Task details: Please give back, exactly as written, the lines from the line with "Дети были рады" to the line with "Figure 11a,b show" in the listing below, leaving out all pictures.

Top of Material for the task

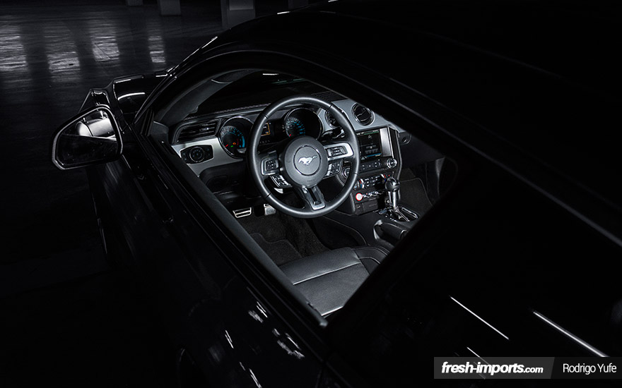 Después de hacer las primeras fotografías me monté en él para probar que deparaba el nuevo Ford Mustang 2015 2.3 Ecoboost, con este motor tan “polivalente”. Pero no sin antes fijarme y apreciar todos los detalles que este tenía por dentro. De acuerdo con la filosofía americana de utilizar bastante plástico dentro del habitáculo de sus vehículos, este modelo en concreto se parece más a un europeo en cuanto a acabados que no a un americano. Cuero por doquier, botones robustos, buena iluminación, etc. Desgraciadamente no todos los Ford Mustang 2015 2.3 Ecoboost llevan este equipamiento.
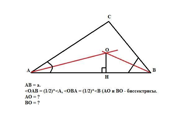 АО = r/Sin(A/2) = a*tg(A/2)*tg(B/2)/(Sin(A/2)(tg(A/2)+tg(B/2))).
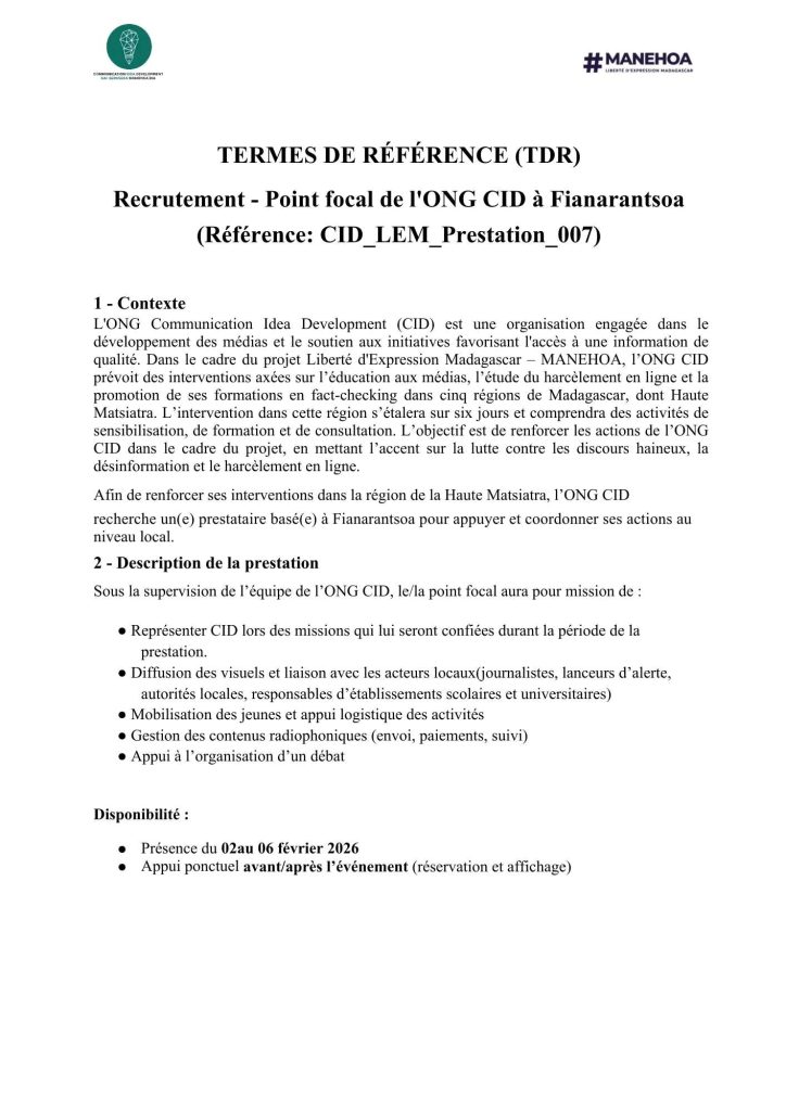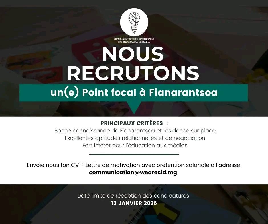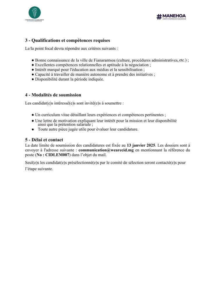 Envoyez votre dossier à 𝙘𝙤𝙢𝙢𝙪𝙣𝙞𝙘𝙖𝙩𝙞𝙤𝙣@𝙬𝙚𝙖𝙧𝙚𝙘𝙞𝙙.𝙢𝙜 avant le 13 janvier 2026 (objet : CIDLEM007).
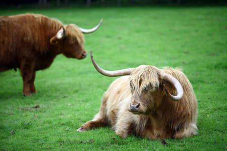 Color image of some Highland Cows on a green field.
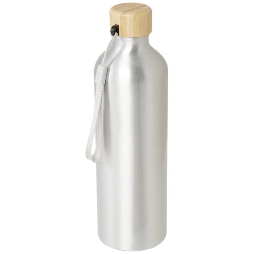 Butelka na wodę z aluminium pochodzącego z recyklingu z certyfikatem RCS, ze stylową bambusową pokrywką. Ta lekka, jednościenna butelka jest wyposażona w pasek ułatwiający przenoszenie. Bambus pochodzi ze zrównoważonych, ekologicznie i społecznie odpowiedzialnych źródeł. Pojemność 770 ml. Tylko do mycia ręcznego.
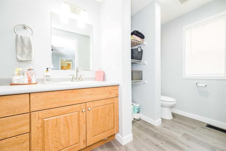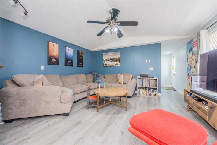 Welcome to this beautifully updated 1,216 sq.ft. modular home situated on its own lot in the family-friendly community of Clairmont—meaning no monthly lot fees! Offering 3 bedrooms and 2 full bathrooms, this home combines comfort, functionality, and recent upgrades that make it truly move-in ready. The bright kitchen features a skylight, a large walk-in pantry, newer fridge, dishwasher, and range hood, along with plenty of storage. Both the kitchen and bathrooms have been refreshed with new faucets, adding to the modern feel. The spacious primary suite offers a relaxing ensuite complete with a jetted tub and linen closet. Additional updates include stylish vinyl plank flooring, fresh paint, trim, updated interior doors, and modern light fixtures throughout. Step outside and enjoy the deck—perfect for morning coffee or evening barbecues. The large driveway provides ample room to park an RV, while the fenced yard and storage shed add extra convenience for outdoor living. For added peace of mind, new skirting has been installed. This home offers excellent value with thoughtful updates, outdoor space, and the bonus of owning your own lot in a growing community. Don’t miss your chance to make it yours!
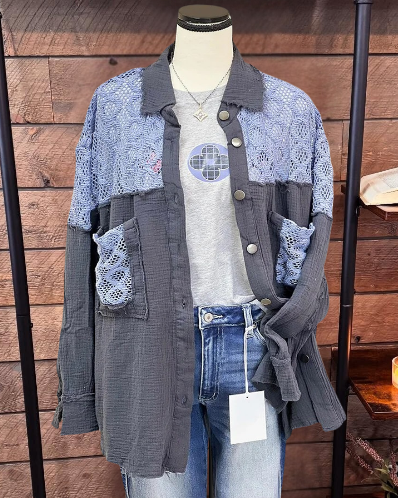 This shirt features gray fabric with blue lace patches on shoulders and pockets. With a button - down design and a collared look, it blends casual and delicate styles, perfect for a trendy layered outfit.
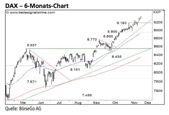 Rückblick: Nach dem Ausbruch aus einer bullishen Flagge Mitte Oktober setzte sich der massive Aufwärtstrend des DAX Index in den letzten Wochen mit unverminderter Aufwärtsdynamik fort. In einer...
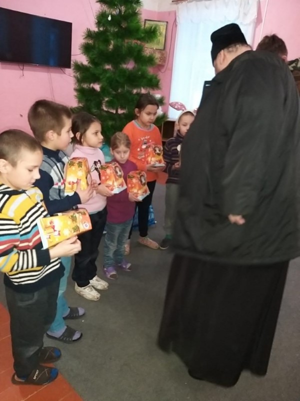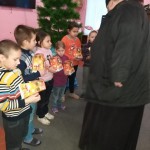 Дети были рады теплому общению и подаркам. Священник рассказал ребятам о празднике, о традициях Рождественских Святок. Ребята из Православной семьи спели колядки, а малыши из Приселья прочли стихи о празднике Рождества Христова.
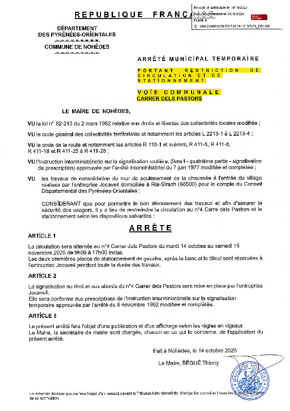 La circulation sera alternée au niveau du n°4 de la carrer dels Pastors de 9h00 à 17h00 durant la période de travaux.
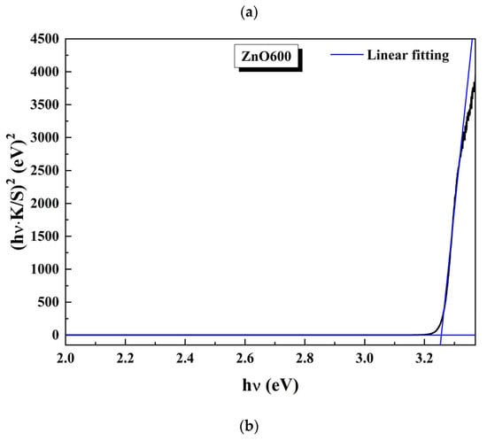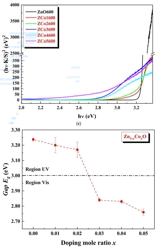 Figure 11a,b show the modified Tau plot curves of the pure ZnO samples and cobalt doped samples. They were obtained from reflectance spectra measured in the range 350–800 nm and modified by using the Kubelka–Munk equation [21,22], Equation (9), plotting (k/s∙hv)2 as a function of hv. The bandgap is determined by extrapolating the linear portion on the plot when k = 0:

Bottom of Material for the task
Top of Material for the task

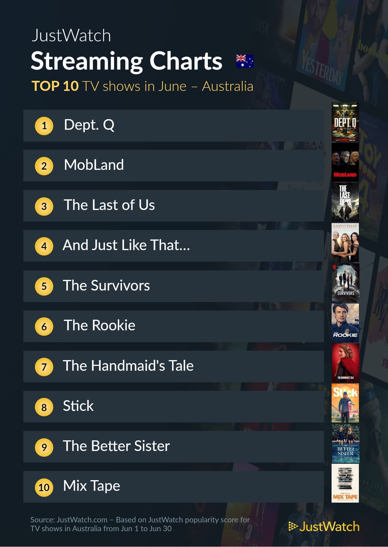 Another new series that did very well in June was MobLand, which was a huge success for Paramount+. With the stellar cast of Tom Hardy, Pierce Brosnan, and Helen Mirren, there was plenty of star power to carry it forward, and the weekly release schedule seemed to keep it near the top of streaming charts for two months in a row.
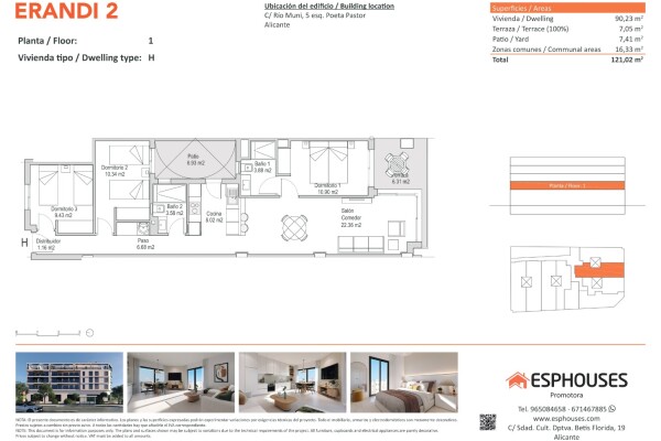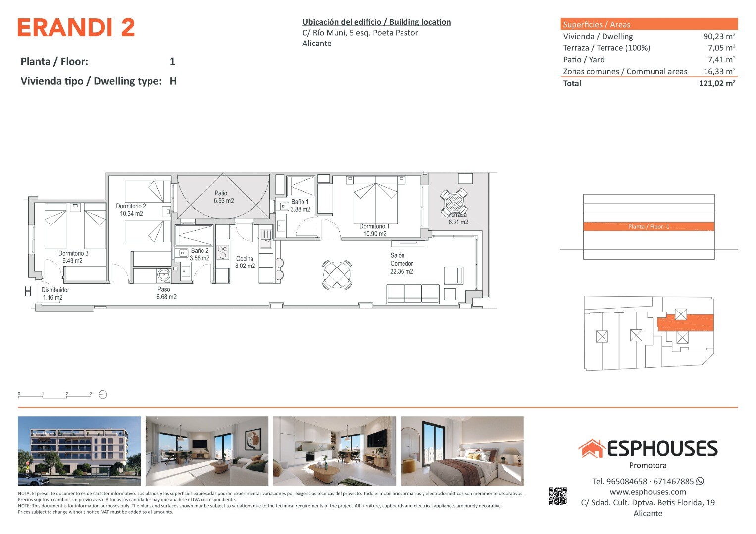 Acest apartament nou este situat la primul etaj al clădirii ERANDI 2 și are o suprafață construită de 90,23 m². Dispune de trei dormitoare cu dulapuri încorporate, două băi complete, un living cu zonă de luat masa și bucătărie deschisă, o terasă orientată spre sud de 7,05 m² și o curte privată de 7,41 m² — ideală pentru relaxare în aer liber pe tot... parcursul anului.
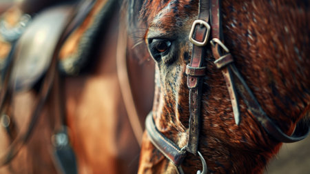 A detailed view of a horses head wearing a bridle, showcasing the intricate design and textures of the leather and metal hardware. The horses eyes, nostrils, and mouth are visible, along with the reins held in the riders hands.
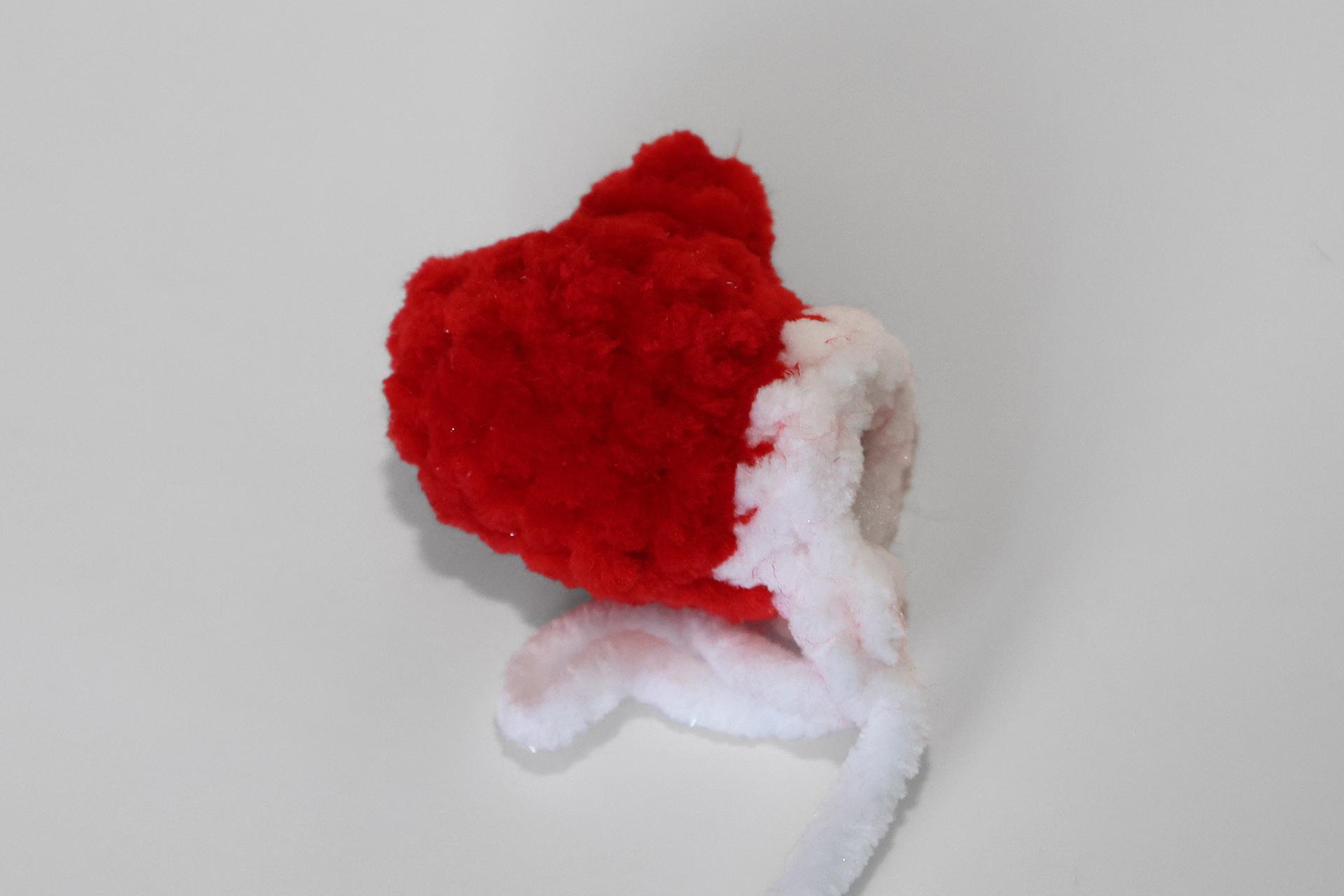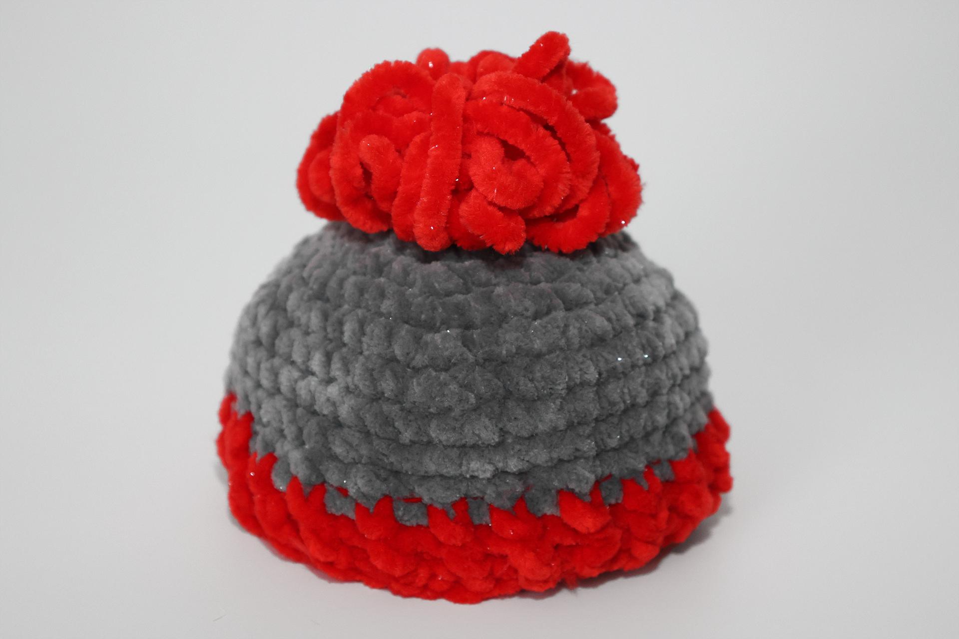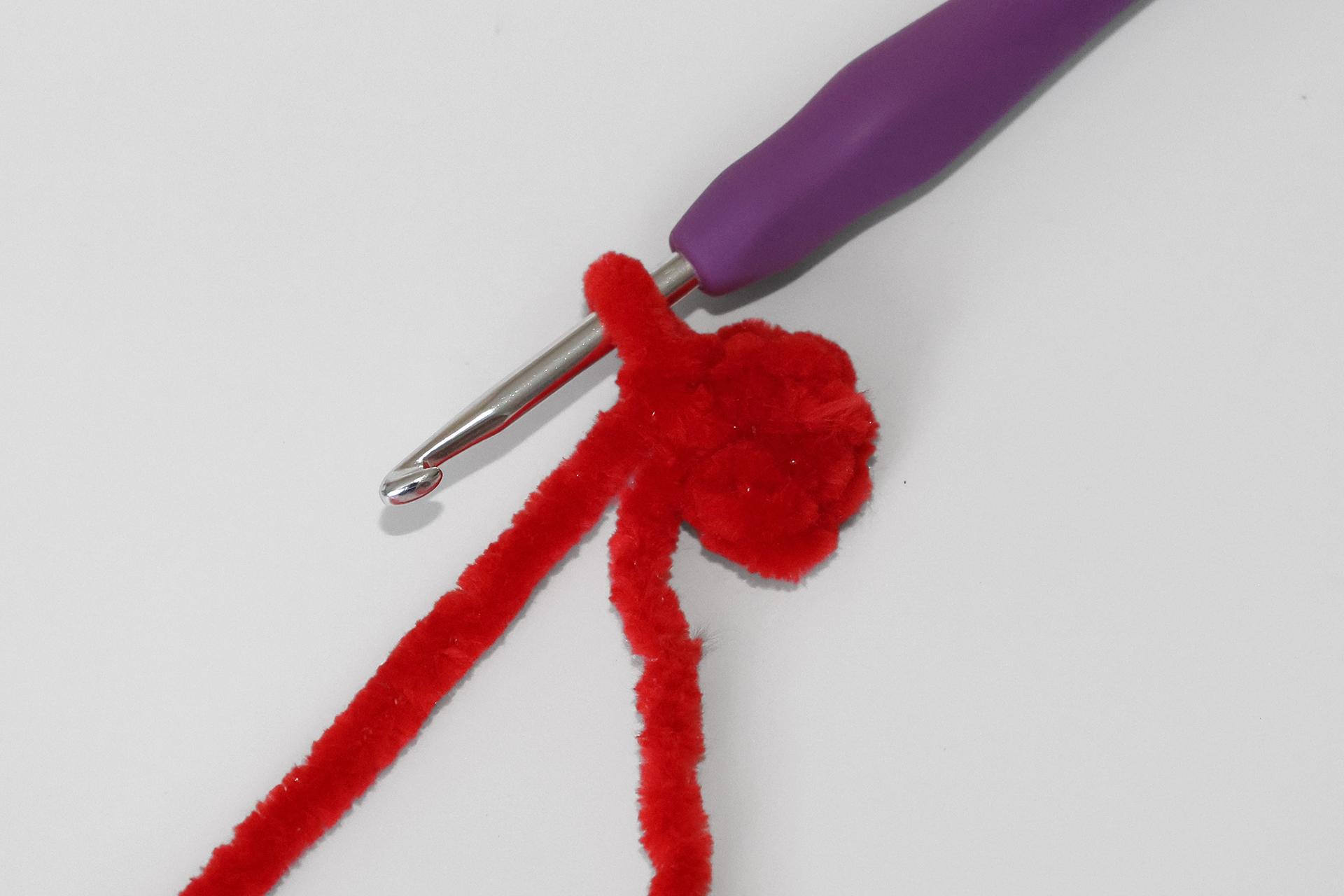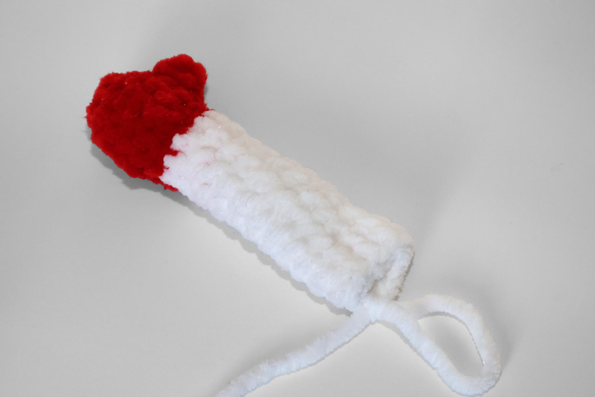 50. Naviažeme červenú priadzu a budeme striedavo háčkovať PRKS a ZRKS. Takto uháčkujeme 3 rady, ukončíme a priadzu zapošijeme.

Bottom of Material for the task

Result:
 Дети были рады теплому общению и подаркам. Священник рассказал ребятам о празднике, о традициях Рождественских Святок. Ребята из Православной семьи спели колядки, а малыши из Приселья прочли стихи о празднике Рождества Христова.
 La circulation sera alternée au niveau du n°4 de la carrer dels Pastors de 9h00 à 17h00 durant la période de travaux.
 Figure 11a,b show the modified Tau plot curves of the pure ZnO samples and cobalt doped samples. They were obtained from reflectance spectra measured in the range 350–800 nm and modified by using the Kubelka–Munk equation [21,22], Equation (9), plotting (k/s∙hv)2 as a function of hv. The bandgap is determined by extrapolating the linear portion on the plot when k = 0:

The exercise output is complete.